No, only one, a single message stores multiple recipient records.

> One for
> sa...@region1.company.com, and another to sa...@company.com.

Only if you have used virtual(5) to rewrite the input address to
a pair of output addresses.


> But the
> transport map lookup is executed only for "region1.company.com", so
> the mail to "sa...@company.com" does not have a transport, I guess.

No. Each recipient address in a message is subjected to a separate
(1-to-1) transport lookup.

>> This is completely wrong. First, you have to explain what you mean by
>> an "alias", where you want the mail to be delivered, what actually
>> happens (detailed unmangled logs) and show your configuration.
>>
>>     http://www.postfix.org/DEBUG_README.html#mail
>
> ldap-transport.cf:
>
>       version = 3
>       server_host = ldap://ldap.company.com:389
>       search_base=ou=mail,ou=services,dc=company,dc=com
>       scope = sub
>       result_attribute=associatedDomain
>       query_filter=(&(objectclass=domainRelatedObject)(associatedDomain=%s))
>       result_format=%s relay:[150.170.6.15]

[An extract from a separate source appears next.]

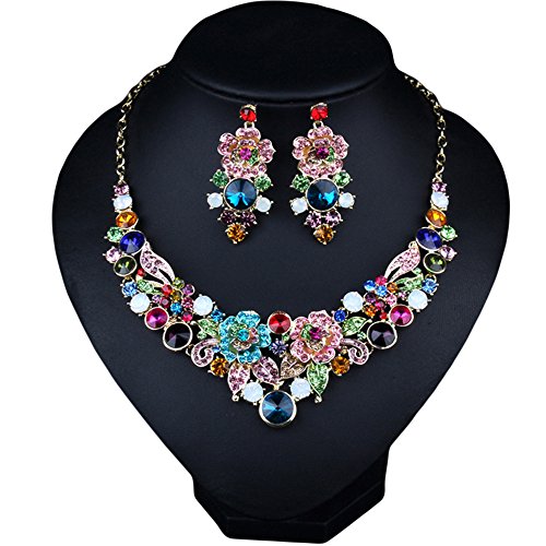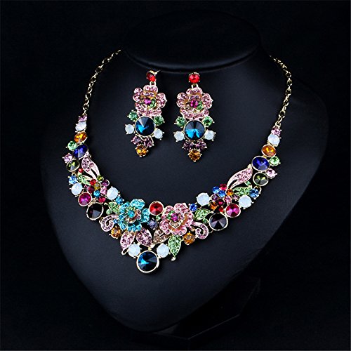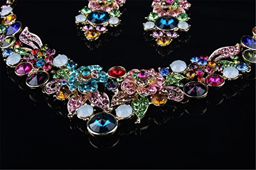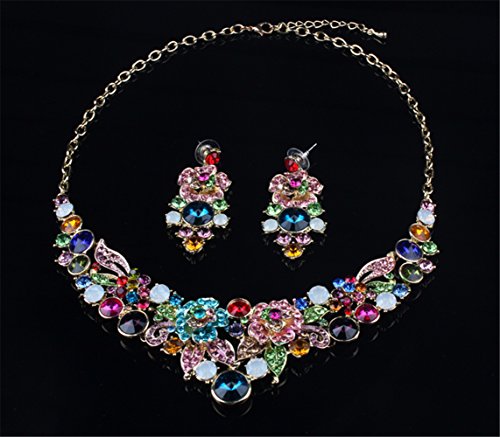 Title : Girl Era Luxury Handmade 3D Bling Crystal Rose Flower Gem Statement Collar Necklace Earring Set

This table definition is grossly wrong. The VALUE of an LDAP transport
lookup MUST be JUST the "transport:nexthop" pair, associadted with the
lookup table. If you don't have any LDAP attributes that store the
transport:nexthop string, then you use a *fixed* result_format with
no "%s" part.

> Jan 10 17:40:49 mx postfix/qmgr[14897]: warning: connect to transport 
> private/company.com relay: No such file or directory

Indeed, your transport table is incorrectly defined.

-- 
        Viktor.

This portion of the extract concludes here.